Auf die Berufung des Klägers wird das Urteil des Sozialgerichts Detmold vom 30. Juni 1994 abgeändert. Der Beklagte wird unter weiterer Abänderung der Bescheide vom 10. März und 04. Juni 1992 in der Gestalt des Widerspruchsbescheides vom 21. Oktober 1992 verurteilt, den Grad der Behinderung für die Zeit ab 01. März 1996 mit 80 festzustellen. Im übrigen wird die Berufung zurückgewiesen. Der Beklagte trägt die dem Kläger entstandenen Kosten des erstinstanzlichen Verfahrens zu einem Viertel, für das Berufungsverfahren sind keine Kosten zu erstatten. Die Revision wird nicht zugelassen.
Tatbestand:
Der Kläger begehrt die Feststellung eines höheren Grades der Behinderung (GdB) als 70 sowie die Feststellung der gesundheitlichen Voraussetzungen für den Nachteilsausgleich "erhebliche Gehbehinderung" (Merkzeichen "G") nach den Vorschriften des Schwerbehindertengesetzes (SchwbG).
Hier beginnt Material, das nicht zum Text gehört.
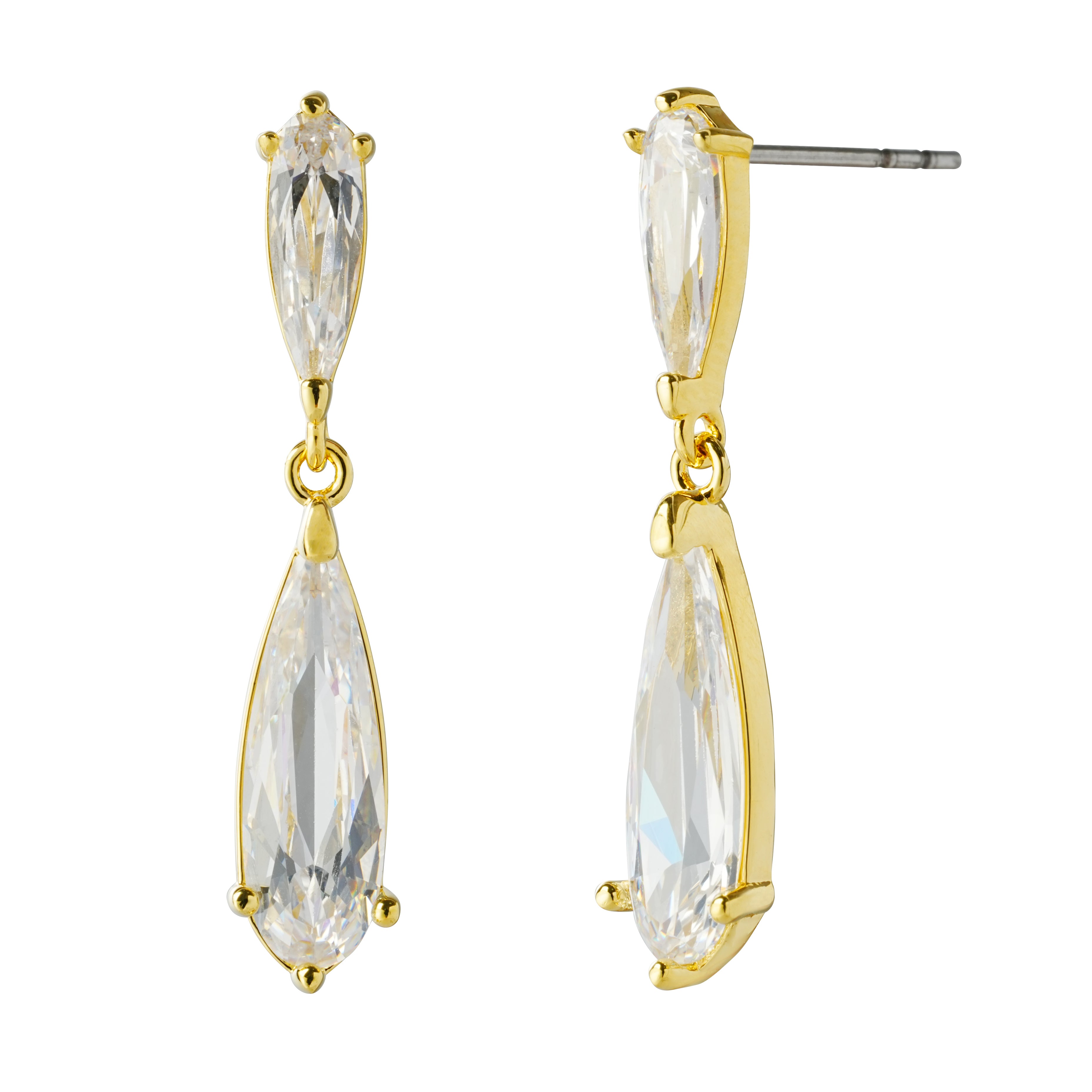 A refined, modern pair of drop earrings featuring two graduated pear-shaped 3A zircon, designed to catch the light with every movement. Crafted in high-quality brass with a durable 14K gold plating, this style blends simplicity with sophistication — perfect for both everyday wear and elegant occasions. The clean silhouette and precision-cut stones make it a versatile bestseller for contemporary jewelry collections.

Der 1916 geborene Kläger beantragte am 23.10.1991 die Feststellung als Schwerbehinderter sowie der gesundheitlichen Voraussetzungen für den Nachteilsausgleich "G". Nach versorgungsärztlicher Auswertung eines Arztberichtes nebst beigefügter Unterlagen stellte der Beklagte mit Bescheid vom 10.03.1992 bei dem Kläger eine Schwerbehinderung mit einem GdB von 50 wegen
1. Verlust des rechten Daumens, Karpaltunnelsyndrom, Zeigefingerverletzung rechts,
2. chronische Speiseröhrenentzündung, Magengeschwürsleiden,
3. chronische Bronchitis, Lungenblähung,
fest. Die Voraussetzungen für den Nachteilsausgleich "G" verneinte der Beklagte.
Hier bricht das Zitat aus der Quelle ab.